There would be little justification for placing on the prosecution the burden of proving that each conspirator expected to benefit from the conspiracy. The agreement itself, along with other evidence of criminal or fraudulent purposes, demonstrates that the parties to it (1) manifested a disposition to criminal activity and (2) posed an enhanced danger to the community by their concerted, mutually enforcing actions. Therefore, the element of compensation is not necessary to guard against the danger that the innocent will become ensnared in the net of a conspiracy prosecution. Although an anticipated benefit may be evidence of an alleged co-conspirator's mens rea, we agree with the Ninth Circuit that benefit, or a 'stake in the venture" is not an element of Sec. 371.


Thus, the cases Gallup cites in which it was impossible to determine whether the jury convicted on a valid theory of criminal liability are inapposite. Here, the jury found a conspiracy, which was criminal conduct regardless of the nature of Gallup's interest. Indeed, whether Gallup's interest was direct or indirect was irrelevant. Gallup was not "convicted of being Duke's brother-in-law." He was convicted, along with Duke, of conspiring to defraud the United States.
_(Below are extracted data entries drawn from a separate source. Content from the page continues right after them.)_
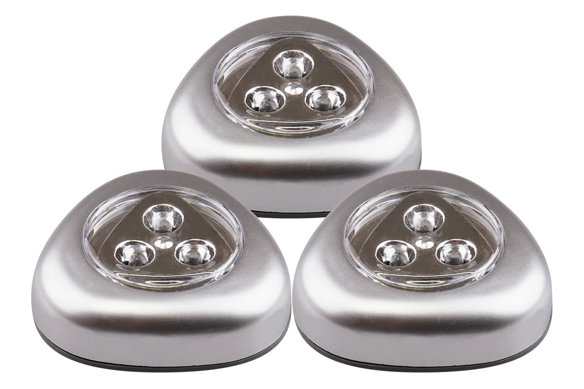 Комплект из 3-х универсальных фонарей- светильников (пушлайт). Идеально подходит для гардеробных, кухонь, стенных шкафов, кладовок, лестничных площадок и других мест, где требуется освещение без прокладки проводов. Включаются нажатием на корпус (пушлайт). 3 светодиода излучают яркий теплый свет. Легко устанавливается на ровную поверхность (двусторонний скотч входит в комплект поставки). Не требует прокладки проводов. Не нагревается . Удобная упаковка по 3 штуки на блистере. Каждый светильник работает от 3-х батареек ААА. Батарейки в комплект не входят.
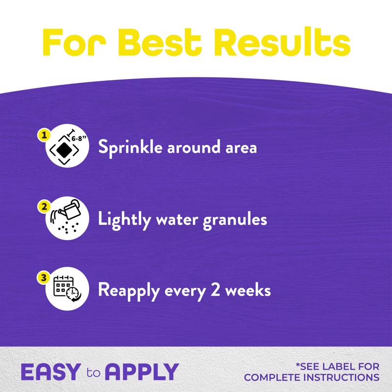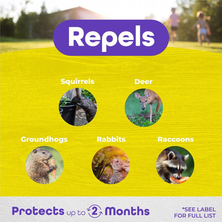 Bonide Repels-All Animal Repellent Granules provide a convenient granular form of our popular Repels All liquid to trigger genetically and biologically ingrained fear and flight responses in a multitude of animal intruders without harm. It is safe to use around pets and covers up to 2500 square feet for two months. The active ingredients are cloves, garlic oil, and putrescent whole egg solids.
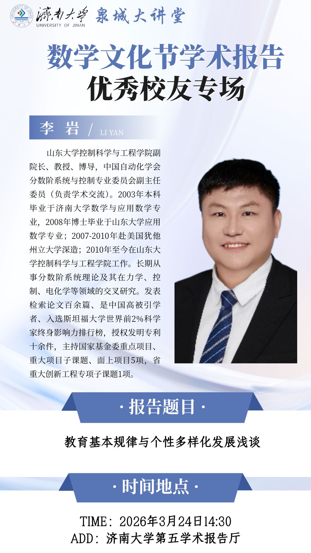 泉城大讲堂·91福利 第二届数学文化节学术报告:教育基本规律与个性多样化发展浅谈
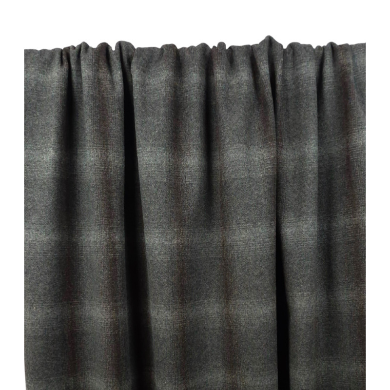 Tissu Lainage 100 % Laine HULL Carreaux Gris / Choco
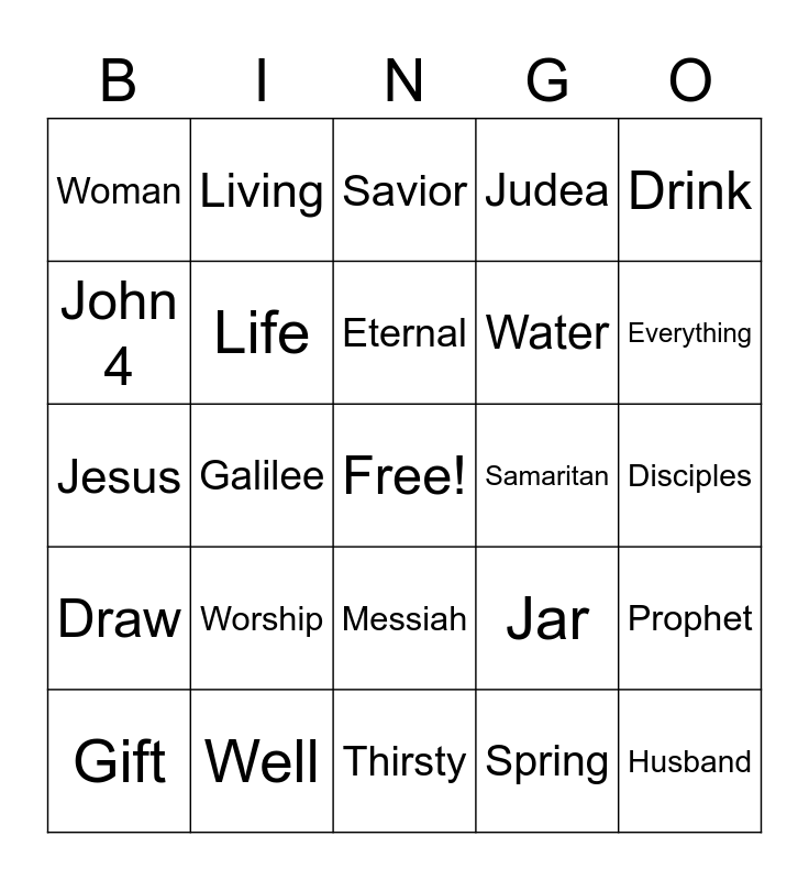 This bingo card has a free space and 24 words: Worship, Well, Eternal, Gift, Drink, Woman, John 4, Living, Samaritan, Messiah, Water, Jesus, Jar, Prophet, Life, Spring, Disciples, Savior, Everything, Galilee, Husband, Draw, Judea and Thirsty.

With respect to Count 2, Gallup does not raise the possibility that he was convicted on an invalid theory of criminal liability except obliquely. We hold that even if he had, his failure to request an instruction defining "any interest" in Sec. 1012 waives any objections he might have on appeal, absent plain error. United States v. Newman, 733 F.2d at 1402. Moreover, our review of the evidence and the instructions to the jury reassures us that no plain error exists. We do not find error so fundamental or prejudicial that justice cannot have been done. We cannot say that there was no basis in the evidence for the conclusion that the defendants were guilty of both Counts 1 and 2, or that a jury could not find the defendants guilty beyond a reasonable doubt. We find no merit in the remainder of the defendant's argument on this point and decline to discuss definitions of family relationships provided in the Code of Federal Regulations and 18 U.S.C. Sec. 208. They are not relevant to the instant case.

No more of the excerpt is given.